Felipe Angeles airport, named after a general in the Mexican revolution, has been engulfed in controversy from the start.

After taking office in 2018, Lopez Obrador canceled another airport project launched by the previous government and already one-third complete.

He called the $13 billion project a "bottomless pit" rife with corruption and decided instead to turn the Santa Lucia military air base into a second airport for the sprawling Mexican capital.

Lopez Obrador commissioned the military -- which is also involved in other pet projects of his government, such as a tourist train in the Yucatan Peninsula -- to oversee construction of the new airport at a cost of around $3.6 billion.

On a recent visit to the Santa Lucia airport, construction workers were seen putting the finishing touches to the inside of the new terminal building, while cleaners swept floors and cleaned windows.

The gleaming toilets are decorated with images of traditional mariachi music and wrestling.

In other areas, notably the access roads that will link the terminal building to the highway, dozens of laborers worked with trucks and machinery to complete the project in time.

A planned rail link to connect the airport with the capital's suburban train network is not scheduled to be completed until the second half of 2023.

- 'Giving it a chance' -

Around 87 percent of the airport construction has been finished with two months left before the March 21 opening, said Captain Diego Diaz Avila of the military's engineer corps.

In its first phase of operation, the new airport will be able to handle 19.5 million passengers a year, he told AFP.

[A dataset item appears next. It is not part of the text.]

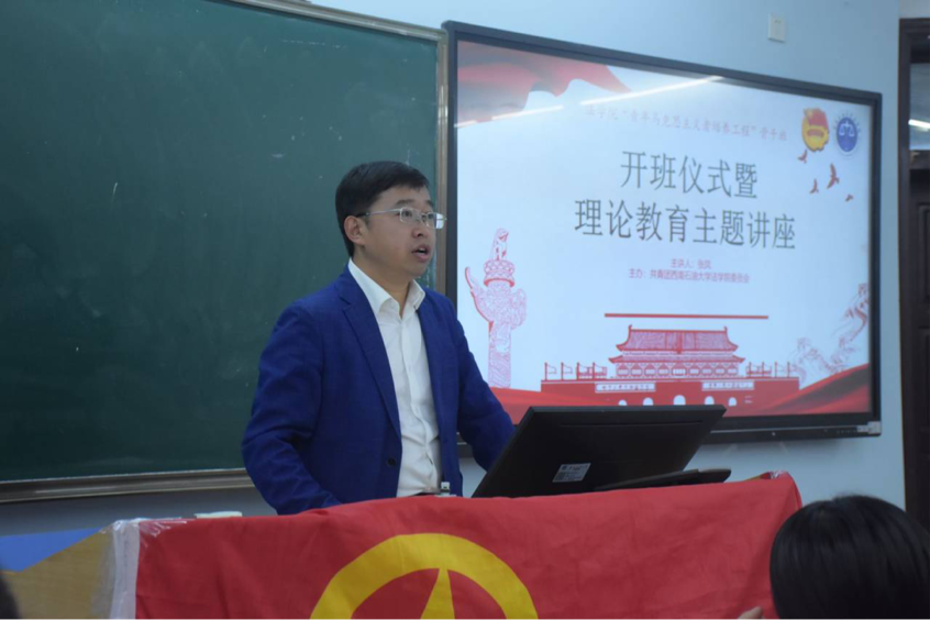 為培養(yǎng)具有忠誠(chéng)的政治品格、濃厚的家國(guó)情懷、扎實(shí)的理論功底、突出的能力素質(zhì),忠恕任事、人品服眾的青年政治骨干,2023年11月9日晚上19:00,法學(xué)院“青年馬克思主義者培養(yǎng)工程”——“青馬骨干班”在思學(xué)樓C307正式開班并進(jìn)行第一次理論教育主題講座。此次活動(dòng)邀請(qǐng)到了學(xué)校黨建辦公室主任、黨委組織部副部長(zhǎng)張鳳作為主講人,本次會(huì)議由院黨委副書記、紀(jì)委書記于百江主持,輔導(dǎo)員蹇屹山和“青馬骨干班”學(xué)員參會(huì)。

But so far, only low-cost Mexican airlines Volaris and Viva Aerobus have announced plans to operate a small number of flights at the new airport, with most staying at Benito Juarez.

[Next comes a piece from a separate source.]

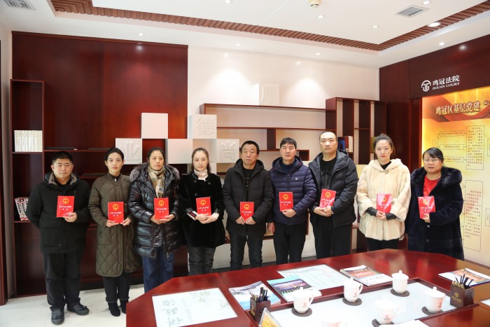 座谈会结束后,鸡冠区法院向参加座谈的人民陪审员赠送了《中华人民共和国宪法》书籍,并带领人民陪审员代表参观了法院标准化法庭建设和党员活动中心。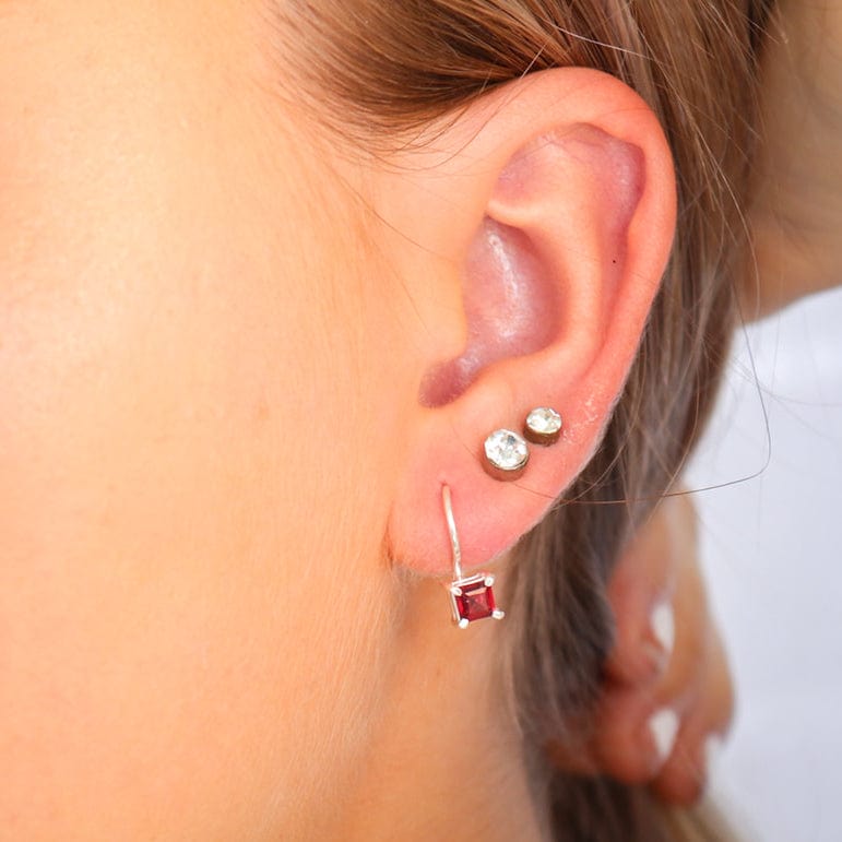 These lovely earrings are designed to sit just under the lobe and are a 4MM square-cut gem. They have a short silver hook and will look fabulous whenever you wear them. Perfect for those who prefer an understated yet classy look.

Aeromexico, the country's largest carrier, has declined to use the new airport in the initial phase.

The airlines are not ready to shift significant operations to the new terminal, said Brian Rodriguez, an aviation analyst at the financial firm Monex.

"They're giving it a chance to operate there to see the costs, demand and how profitable it can be," he said.

Given that Felipe Angeles is located outside the city, the airlines that do use the new airport will seek to attract the several million people living in the surrounding area, added Rodriguez.

AFP contacted the main international airlines that operate in Mexico -- British Airways, Air France, Iberia, Lufthansa and American Airlines -- to ask if they plan to use the new terminal.

Only American Airlines responded, saying there were no changes to 13 daily flights between Mexico City and the United States.